• Exercise objective: Print the data below verbatim, minus images.

• Data excerpt:
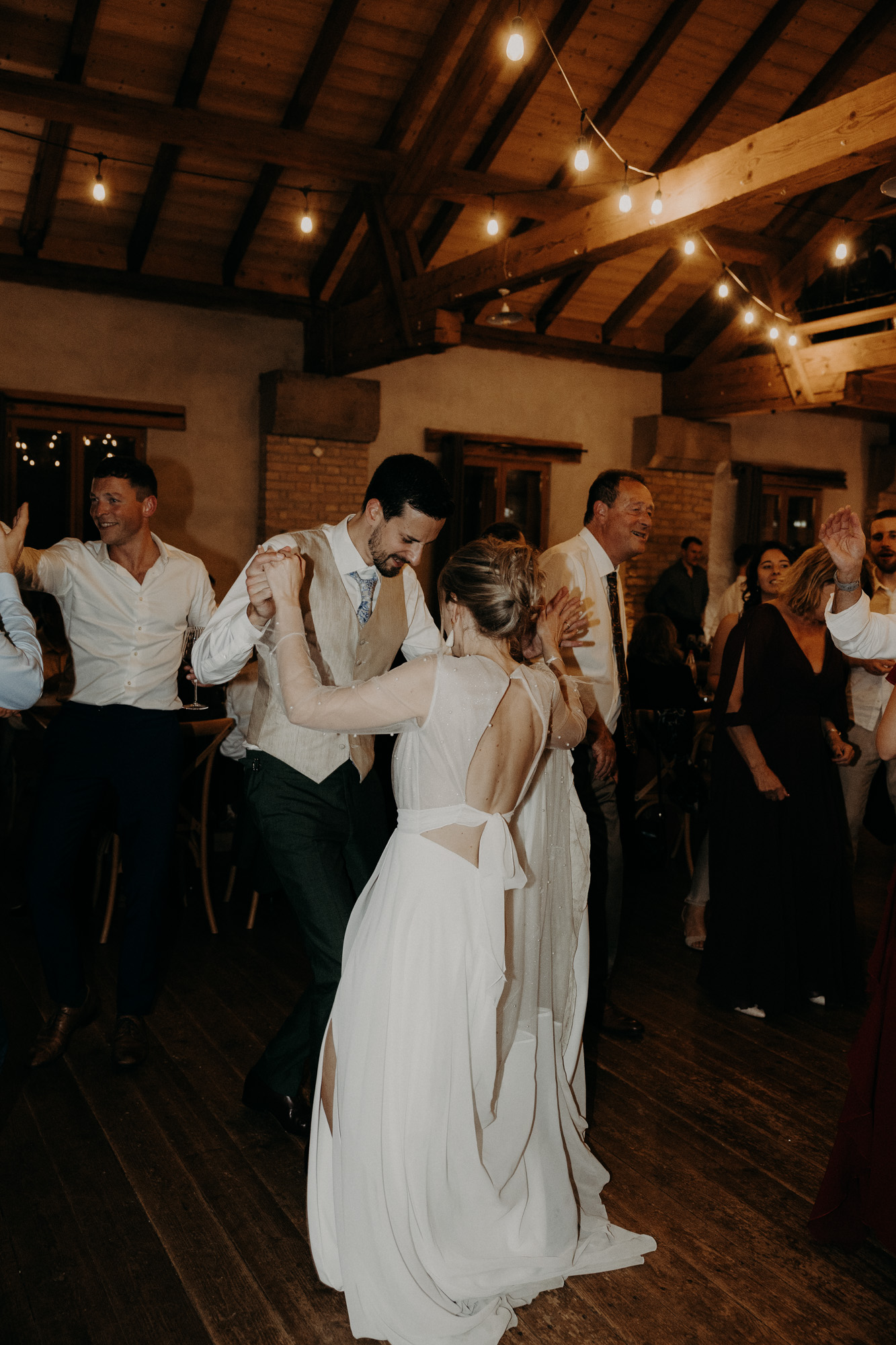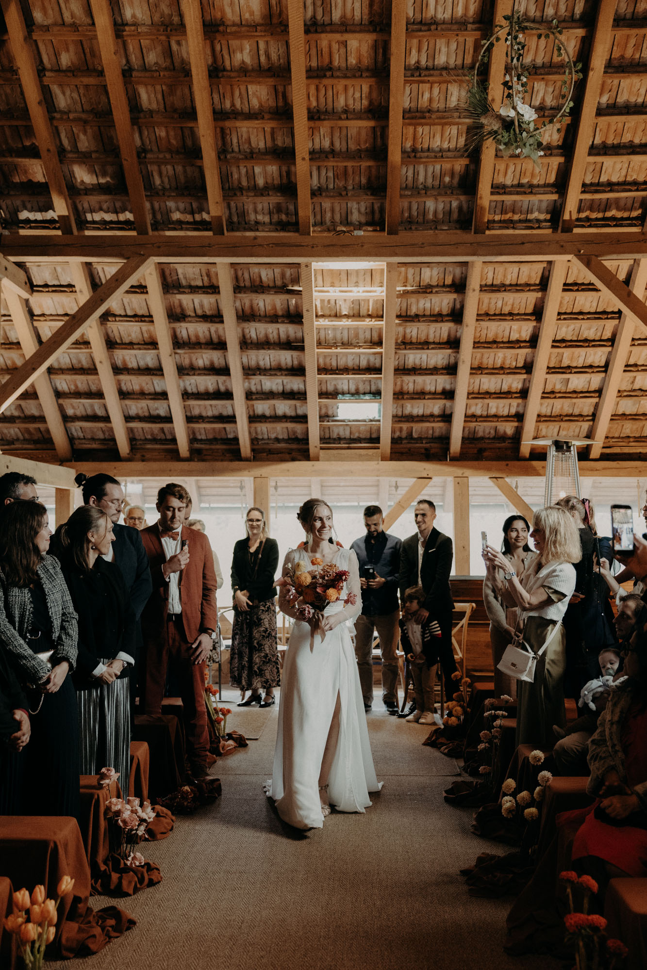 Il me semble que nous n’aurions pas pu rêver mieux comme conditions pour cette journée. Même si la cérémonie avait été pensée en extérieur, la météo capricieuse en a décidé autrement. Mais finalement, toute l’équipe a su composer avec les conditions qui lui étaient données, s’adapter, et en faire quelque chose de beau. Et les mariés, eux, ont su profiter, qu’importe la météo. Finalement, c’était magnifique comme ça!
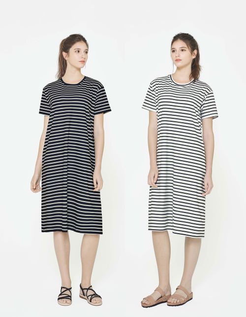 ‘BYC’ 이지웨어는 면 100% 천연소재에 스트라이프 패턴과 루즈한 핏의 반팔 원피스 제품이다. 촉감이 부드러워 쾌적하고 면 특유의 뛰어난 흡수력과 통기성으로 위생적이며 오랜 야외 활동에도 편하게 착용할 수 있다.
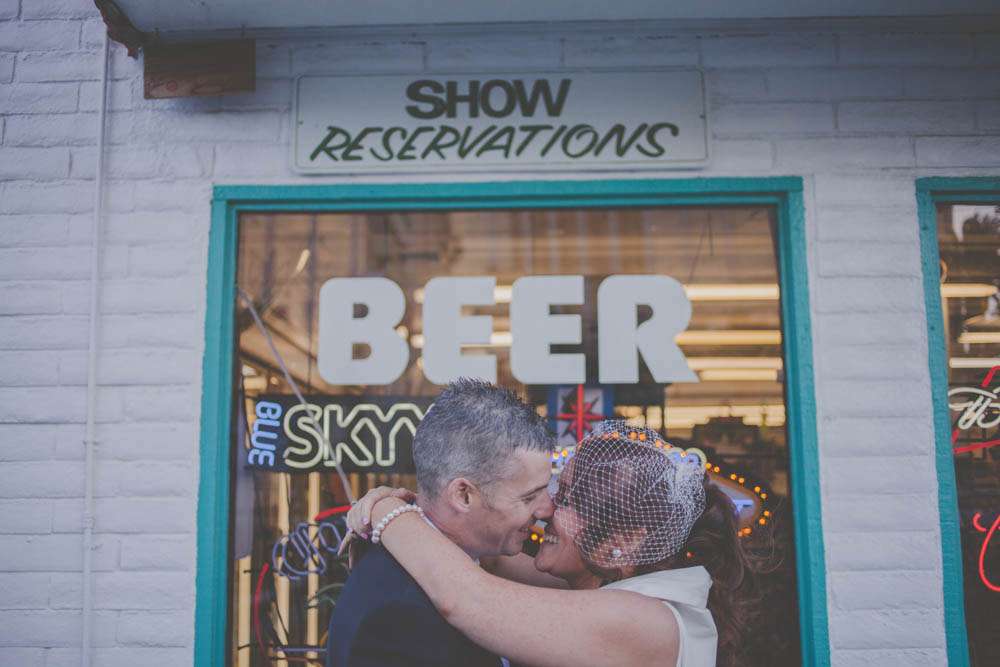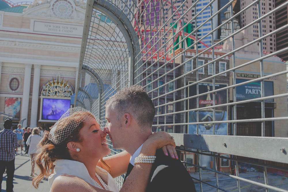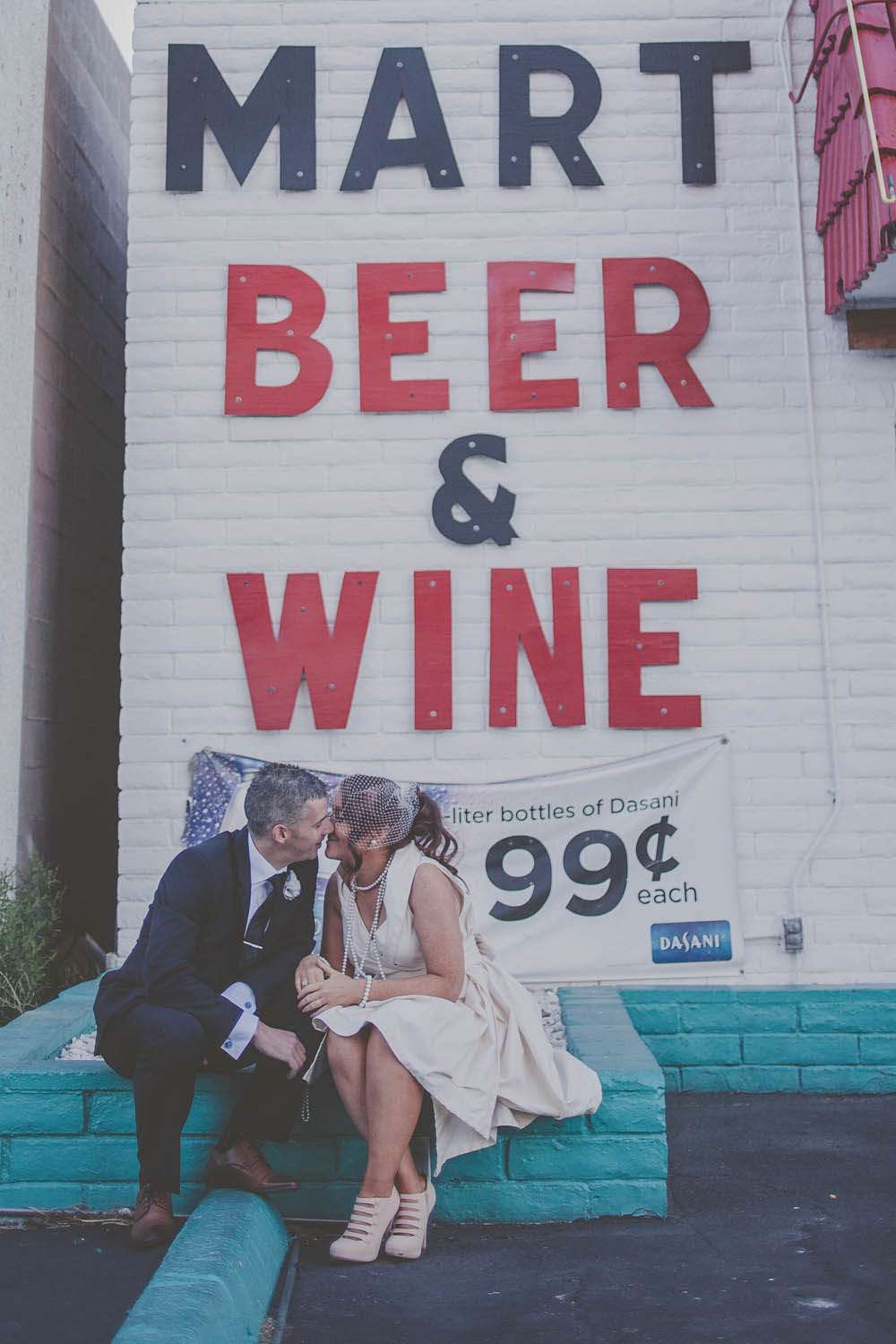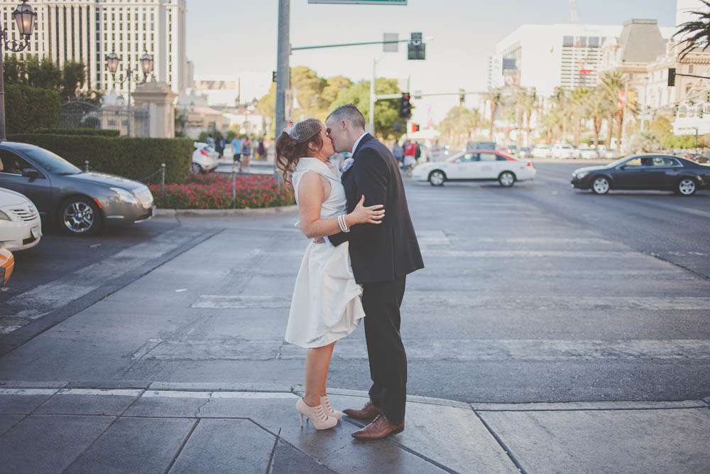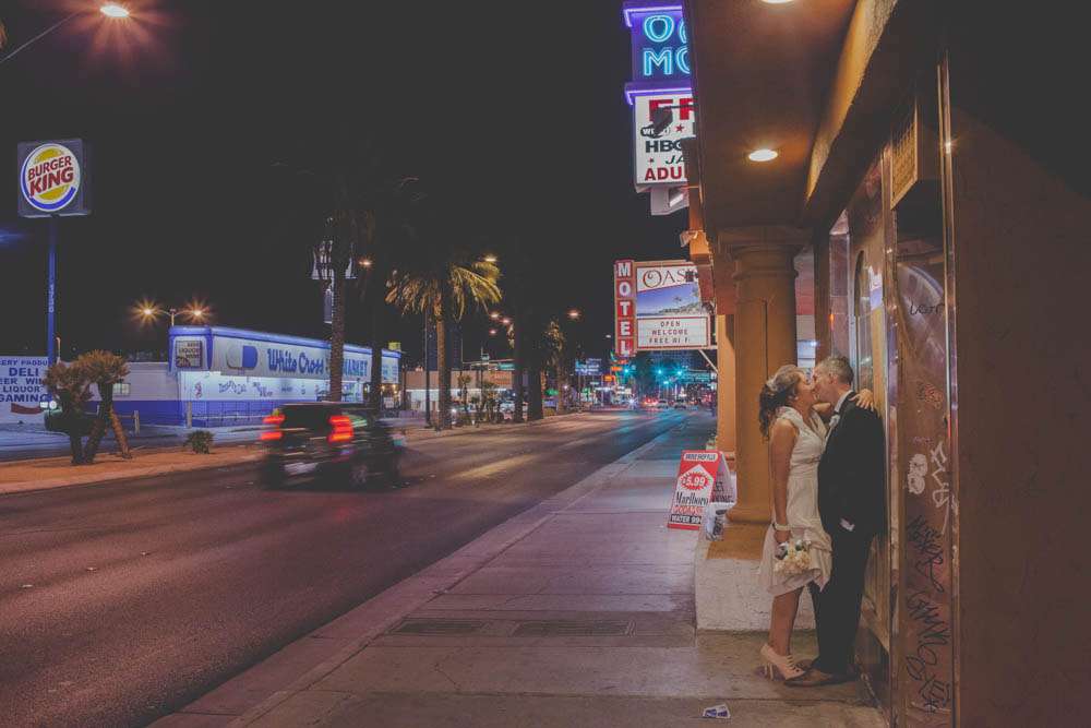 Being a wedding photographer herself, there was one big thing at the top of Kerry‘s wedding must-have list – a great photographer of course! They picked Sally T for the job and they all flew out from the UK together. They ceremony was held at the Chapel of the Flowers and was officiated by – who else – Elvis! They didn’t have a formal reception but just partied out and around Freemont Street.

• Response to this exercise:
 Il me semble que nous n’aurions pas pu rêver mieux comme conditions pour cette journée. Même si la cérémonie avait été pensée en extérieur, la météo capricieuse en a décidé autrement. Mais finalement, toute l’équipe a su composer avec les conditions qui lui étaient données, s’adapter, et en faire quelque chose de beau. Et les mariés, eux, ont su profiter, qu’importe la météo. Finalement, c’était magnifique comme ça!
 ‘BYC’ 이지웨어는 면 100% 천연소재에 스트라이프 패턴과 루즈한 핏의 반팔 원피스 제품이다. 촉감이 부드러워 쾌적하고 면 특유의 뛰어난 흡수력과 통기성으로 위생적이며 오랜 야외 활동에도 편하게 착용할 수 있다.
 Being a wedding photographer herself, there was one big thing at the top of Kerry‘s wedding must-have list – a great photographer of course! They picked Sally T for the job and they all flew out from the UK together. They ceremony was held at the Chapel of the Flowers and was officiated by – who else – Elvis! They didn’t have a formal reception but just partied out and around Freemont Street.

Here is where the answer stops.